Complete Endoscopic Thyroidectomy via Oral Vestibular Approach Versus Areola Approach for Treatment of Thyroid Diseases

J Laparoendosc Adv Surg Tech A. 2015 Jun;25(6):470-6. doi: 10.1089/lap.2015.0026.

Abstract

Background: Natural orifice translumenal endoscopic surgery (NOTES(®); American Society for Gastrointestinal Endoscopy [Oak Brook, IL] and Society of American Gastrointestinal and Endoscopic Surgeons [Los Angeles, CA]) is gaining interest because it allows operations without skin incisions.
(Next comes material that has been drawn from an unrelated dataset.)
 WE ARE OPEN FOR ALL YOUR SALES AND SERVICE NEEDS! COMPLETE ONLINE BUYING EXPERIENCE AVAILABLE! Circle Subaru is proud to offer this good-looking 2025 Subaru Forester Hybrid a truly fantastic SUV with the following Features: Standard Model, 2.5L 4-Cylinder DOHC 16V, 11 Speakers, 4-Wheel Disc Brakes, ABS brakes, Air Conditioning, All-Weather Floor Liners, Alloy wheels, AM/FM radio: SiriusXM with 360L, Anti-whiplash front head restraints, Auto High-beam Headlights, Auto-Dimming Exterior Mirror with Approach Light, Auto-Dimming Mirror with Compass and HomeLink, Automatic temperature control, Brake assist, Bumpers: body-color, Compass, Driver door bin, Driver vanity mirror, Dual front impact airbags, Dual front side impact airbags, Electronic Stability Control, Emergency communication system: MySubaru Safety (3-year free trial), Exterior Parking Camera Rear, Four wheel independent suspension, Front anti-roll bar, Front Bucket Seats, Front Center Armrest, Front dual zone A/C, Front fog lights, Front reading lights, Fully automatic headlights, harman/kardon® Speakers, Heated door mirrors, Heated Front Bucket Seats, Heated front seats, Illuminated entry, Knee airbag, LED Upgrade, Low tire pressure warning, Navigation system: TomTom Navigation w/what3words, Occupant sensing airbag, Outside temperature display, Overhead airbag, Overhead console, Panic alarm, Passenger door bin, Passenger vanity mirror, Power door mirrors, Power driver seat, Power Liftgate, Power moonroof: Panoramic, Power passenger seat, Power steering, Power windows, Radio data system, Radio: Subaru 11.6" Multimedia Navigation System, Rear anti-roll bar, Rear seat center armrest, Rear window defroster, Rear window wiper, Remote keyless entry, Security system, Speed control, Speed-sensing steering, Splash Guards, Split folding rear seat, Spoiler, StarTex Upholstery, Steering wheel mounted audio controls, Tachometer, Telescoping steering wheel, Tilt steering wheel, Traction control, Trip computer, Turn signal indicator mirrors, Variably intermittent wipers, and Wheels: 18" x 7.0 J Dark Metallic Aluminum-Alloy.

The aim of this study was to evaluate the feasibility, safety, and cosmetic results of endoscopic thyroidectomy via the oral vestibular approach (ETOVA) compared with endoscopic thyroidectomy via the areola approach (ETAA) in patients with thyroid diseases.

Materials and methods: Eighty-two patients with thyroid diseases were randomized to receive either ETOVA (n=41) or ETAA (n=41). Perioperative and follow-up data were assessed.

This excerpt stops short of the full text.